- Karoline Tavares
Há 100 anos, Euterpe Football Club quebrou barreira racial no esporte
Atualizado: Jan 16
Em 1920, o Euterpe Football Club, um time de futebol do Amazonas, se tornou o primeiro do Brasil a disputar um campeonato estadual apenas com jogadores negros.
Importante lembrar também que alguns clubes do Sudeste pioneiros na inserção dos negros no futebol brasileiro, como Ponte Preta, Bangu e Vasco da Gama, contavam também (e principalmente) com jogadores brancos nos respectivos elencos. Porém, segundo registros, o time amazonense foi o que participou de um torneio oficial de futebol tendo somente homens negros em campo e no banco de reservas.

Histórico
O Euterpe foi fundado no dia 7 de agosto de 1919, em Manaus, pelo carteiro Benedito de Mello Peixoto, que também foi o primeiro presidente do clube. As cores do escudo e do uniforme eram verde e branco.
O nome é uma curiosidade à parte: alguns dizem ser uma referência à Euterpe oleracea, nome científico do açaí, palmeira que produz um dos frutos mais conhecidos da região amazônica e tão amplamente consumidos nos dias de hoje.
No estatuto de fundação, uma das determinações era de que apenas negros seriam aceitos como jogadores e sócios. Porém, com o passar do tempo e devido à crescente procura de potenciais sócios, a ata foi modificada e abriu-se espaço para jogadores e sócios não-negros.
Desempenho esportivo
Logo após a fundação, a equipe disputou apenas amistosos e conquistou o único título de sua história, o 27° Batalhão de Caçadores, um campeonato de menor expressão, ocorrido em 1919.
Depois, se filiou à Federação Amazonense de Desportos Athleticos (FADA). Na estreia do campeonato estadual (do qual participou de 1920 a 1923 e em 1927), o Euterpe foi goleado por 6 a 1 pelo Manaos Sporting. E essa foi uma tônica da equipe, que sofria constantes goleadas.
Na breve crônica da partida, o Jornal do Commercio (AM)contou que os euterpianos fizeram uma boa partida, especialmente no segundo tempo, mas que a estratégia adotada pelo Manaos foi suficiente para neutralizá-los no primeiro confronto oficial da equipe alviverde.

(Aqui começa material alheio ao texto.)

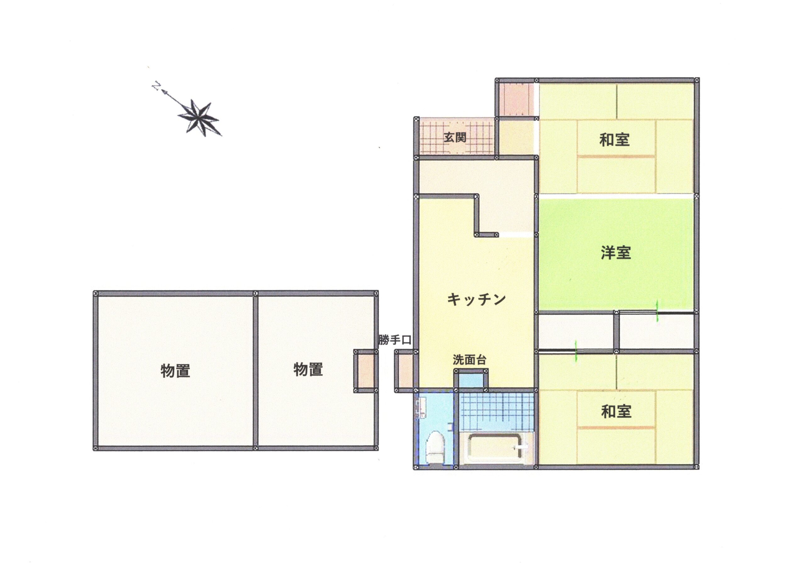 木造亜鉛メッキ鋼板ぶき平屋建て |
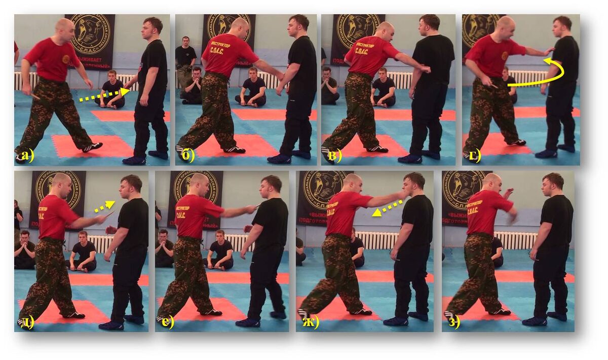 3. Если сцепление с землей, а также общее запаздывание действий не позволили шагнуть назад, а удар уже нанесен, отклонение корпуса и сбив по вооруженной конечности может помочь в опасной ситуации рис. г.
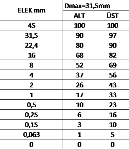 TS 500 ‘de maksimum dane boyutuna göre agrega karışım gradasyonu tablo 3,4 elek açıklığının mm ve logaritmik ölçekte olması durumunda grafik 2 ve 3 ‘de gösterilmiştir.

O segundo jogo, contra o Luso Esportivo, foi marcado por uma forte chuva, mas, mesmo assim, seguiu normalmente. Nele, o Euterpe marcou os dois primeiros gols no campeonato, mas foi derrotado ao tomar seis do adversário. No confronto do returno entre as equipes, o Luso Esportivo venceu mais uma vez, agora por 4 a 1, e o gol de honra do Euterpe foi marcado por Dodó.
Dodó, nascido Domiciano Borges, foi um dos artilheiros do time e foi um dos jogadores euterpianos que teve bastante destaque no cenário local. O jogador permaneceu na equipe alviverde até 1923.
Clube social
Apesar dos problemas dentro de campo, o Euterpe fez enorme sucesso fora dele. A sede social era destinada a festas da elite manauara (majoritariamente branca), muitas das quais eram anunciadas com grande frequência na imprensa local. O dinheiro arrecadado ajudava a arcar com as despesas do clube. Até mesmo partidas comemorativas de baseball foram realizadas no Parque Amazonense.
Legado invisibilizado
O Euterpe Football Club teve uma história breve e acredita-se que foi extinto em 1930. Mesmo assim e por causa das constantes derrotas em campo, é inegável a importância de sua existência contra o racismo que imperava na sociedade e no meio esportivo da época. Como as atenções dadas ao futebol estavam voltadas quase completamente para os times do eixo Sul-Sudeste, o legado do clube amazonense foi “descoberto” há relativamente pouco tempo, em comparação com o dos citados no começo deste texto.
Nessa mesma direção, existiram alguns outros times de menor expressão, como o Clube Cravos Vermelhos e a Associação Athlética São Geraldo, ambos de São Paulo. Fundados também no final da década de 1910, surgiram em um momento onde os grandes clubes limitavam a presença de jogadores negros.